Hockey boards return to Canada

Hockey rink at Kandahar Airfield, December 2016, before a few boards were brought to Canada. Photo credit: Greg Dempsey

Hockey rink at Kandahar Airfield, December 2016, before a few boards were brought to Canada. Photo credit: Greg Dempsey

Captain Nicola LaMarre, CJOC PA ~

Sport has long been known as a vital contributor to fitness, morale and esprit de corps of troops during times of conflict. From the fabled football matches between the British and German armies on a Christmas Day during the First World War to Canadian soldiers carving a hockey rink on a frozen river in Korea.

Fast forward to 2017.

When the Canadian Armed Forces withdrew from Afghanistan in 2014, a well-used ball hockey rink built by Canadian Armed Forces (CAF) engineers in 2006 at Kandahar Airfield was left behind.

The wood of the hockey boards was rough, blemished with scuffs, scrapes and the tell-tale black marks left by countless jet black hockey pucks. The red paint on the Canadian Flag was barely visible in places, bleached by the relentless Afghanistan sun.

Two sections of the Kandahar floor hockey rink boards were brought back to Canada with one section donated to the Hockey Hall of Fame in Toronto, and the other to the Canadian War Museum in Ottawa where it will become part of the permanent Afghanistan display.

Before being turned into a permanent exhibit, the War Museum brought it to the Invictus Games Athletes’ Village at the Sheraton Hotel, in Toronto. Access to see the boards was restricted to the athletes, friends and family and team coaches and support staff.

For Corporal Mimi Poulin of Team Canada, seeing the Kandahar hockey boards took her right back to Afghanistan.

“All of those chips, the worn paint, it was us, we put them there. I remember each night we would all lean against those boards to watch the game.”

For many men and women of the Canadian Armed Forces the rink provided a sanctuary where, for a short time, they could forget the war zone and feel normal.

“Even if you weren’t playing, you would walk by and see the maple leaf and it would be a brief reminder of home,” said Defence Minister Harjit Sajjan, when he shared his memories of the rink with Team Canada athletes at the Invictus Games. “Seeing these boards again brings back some powerful memories.”

For many veterans of CAF operations in Afghanistan, the hockey boards bring back fond memories of the games they played and the friendships they forged in the sandbox.

However, for Corporal (Retired) Jayson Nickol, seeing the Kandahar hockey boards at the Invictus Games was bittersweet. For a time, he and his friends played on the rink just as they would have done back in Canada. When playing or cheering at the hockey rink their spirits were lifted.
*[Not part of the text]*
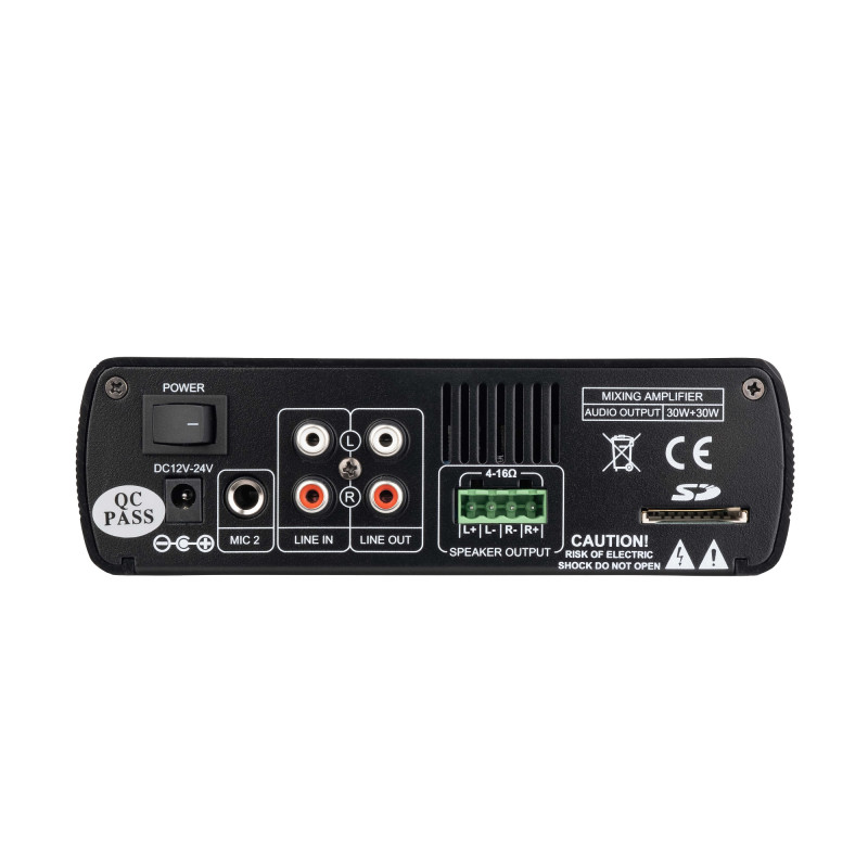 - Модель:Трансляционный микшер-усилитель, 2x30 Вт., MP3, Bluetooth

Sadly, he went on to say, “The last time I saw my buddy was on that hockey rink. The next day he lost his life to an IED.”

The Invictus Games are to wounded warriors what a hockey rink was to those soldiers in the middle of a fight.

The name of the sport is not important. But the power of sport to sustain the mind during times of darkness and nourish the soul of the wounded endures.